## Aim of the task
Leave out the pictures and retype exactly the lines from the line with "Kioxia Exceria Plus" through the end of the listing below.

## Data extract
-=-=-
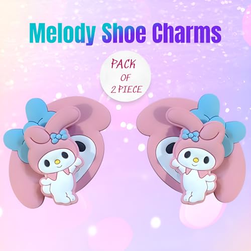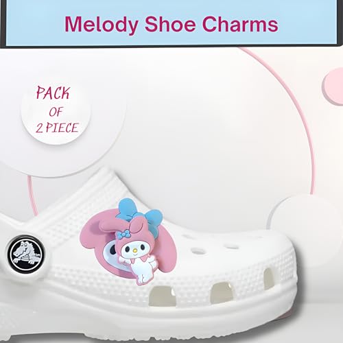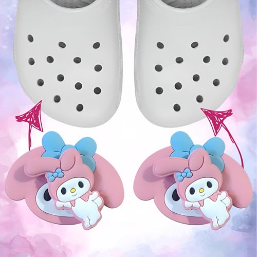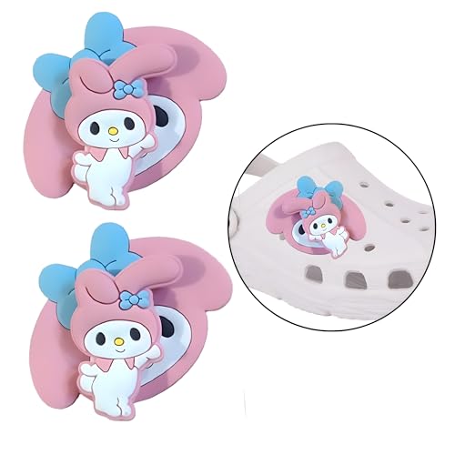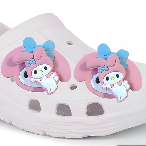 These My Melody themed shoe charms come in a pack of 2, featuring a delightful 3D design of a beloved cartoon character with blue bow accents. Perfect for adding a touch of whimsy to your clogs, they are crafted to fit securely into the holes of most standard clog-style shoes, ensuring they stay in place during wear. Ideal for both kids and adults, these charms make a fun accessory for everyday use or special occasions.
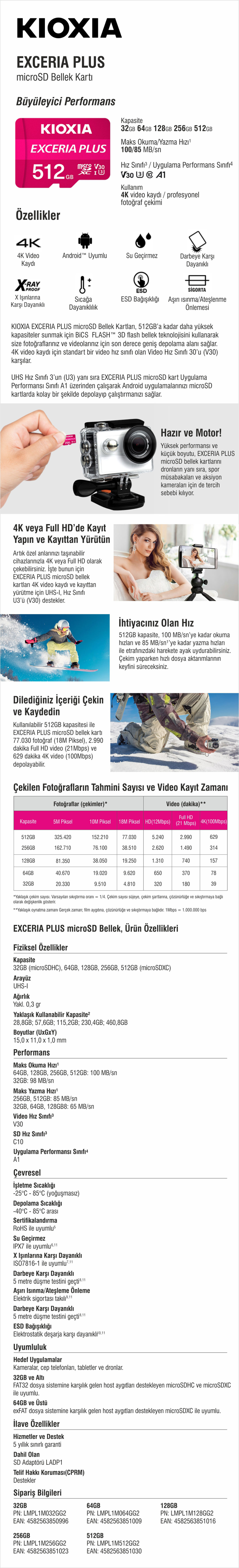 Kioxia Exceria Plus MICROSD Hafıza Kartı (Adaptörlü)
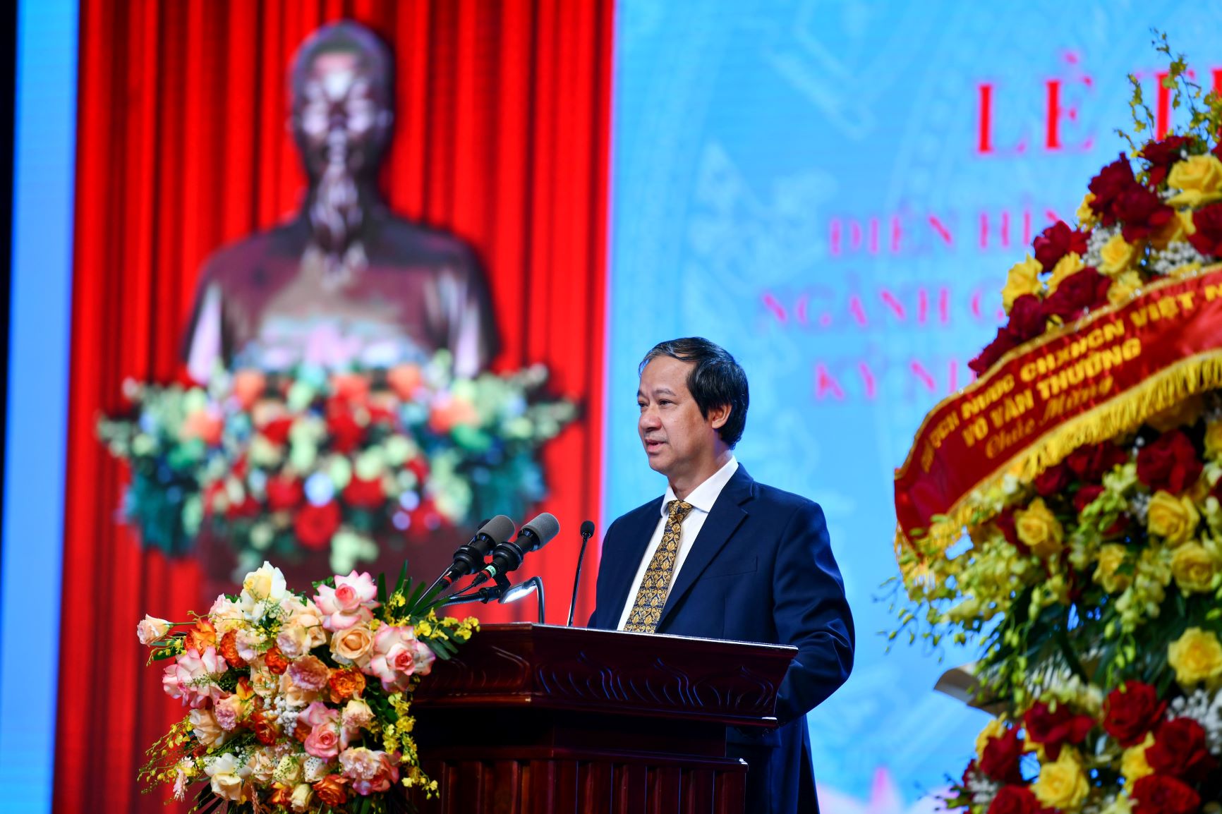 Chia sẻ niềm vui, sự cảm động khi đến dự lễ tuyên dương điển hình tiên tiến, nhà giáo tiêu biểu của ngành giáo dục Thủ đô, Bộ trưởng Nguyễn Kim Sơn gửi tới các nhà giáo lời thăm hỏi, lời chào và lời chúc mừng. Bộ trưởng cũng gửi lời chúc mừng đặc biệt đến 68 tập thể, 60 cá nhân nhà giáo được tuyên dương.
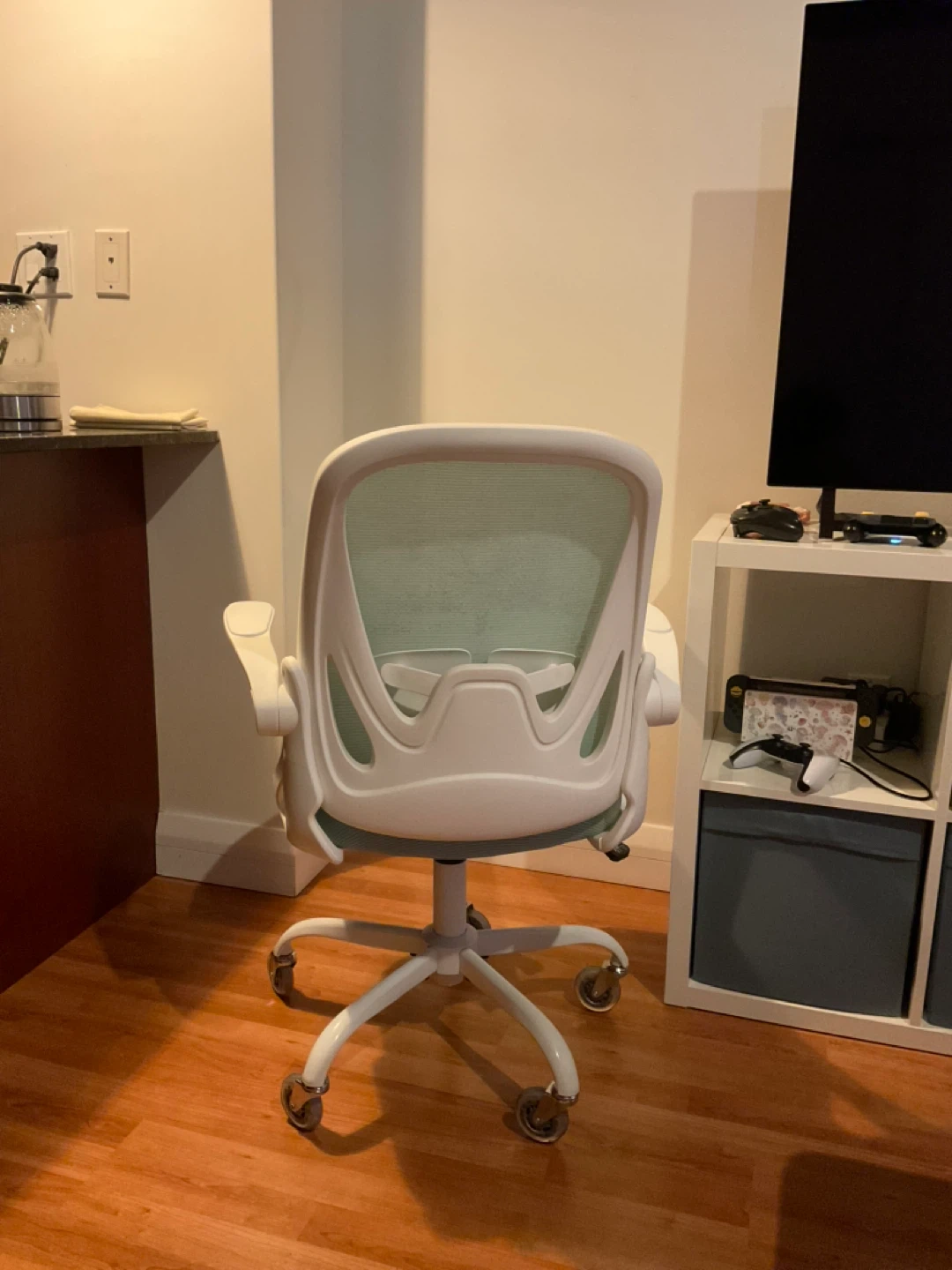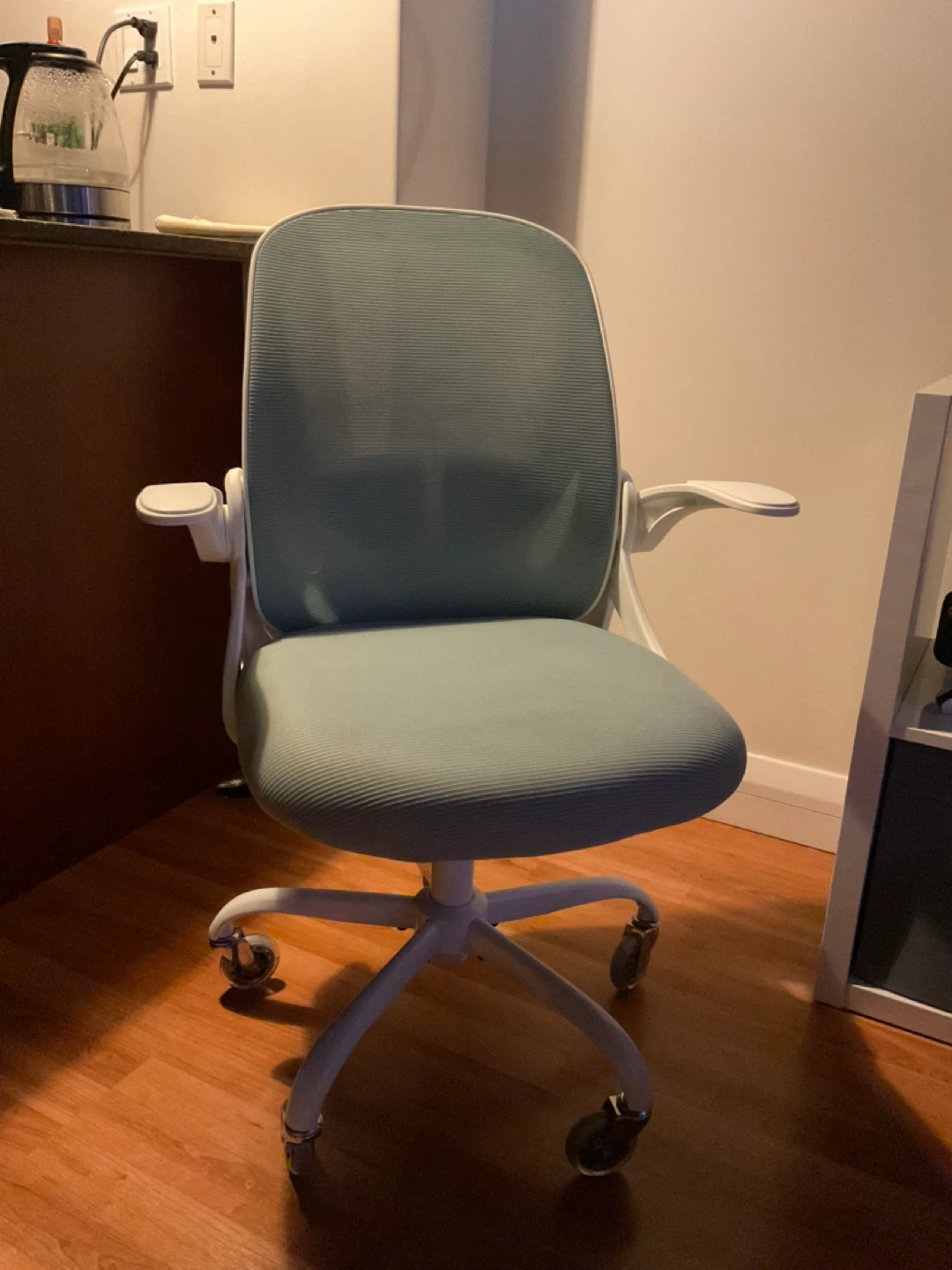 Light blue/green swivel chair with white accents.
-=-=-
## Written solution
 Kioxia Exceria Plus MICROSD Hafıza Kartı (Adaptörlü)
 Chia sẻ niềm vui, sự cảm động khi đến dự lễ tuyên dương điển hình tiên tiến, nhà giáo tiêu biểu của ngành giáo dục Thủ đô, Bộ trưởng Nguyễn Kim Sơn gửi tới các nhà giáo lời thăm hỏi, lời chào và lời chúc mừng. Bộ trưởng cũng gửi lời chúc mừng đặc biệt đến 68 tập thể, 60 cá nhân nhà giáo được tuyên dương.
 Light blue/green swivel chair with white accents.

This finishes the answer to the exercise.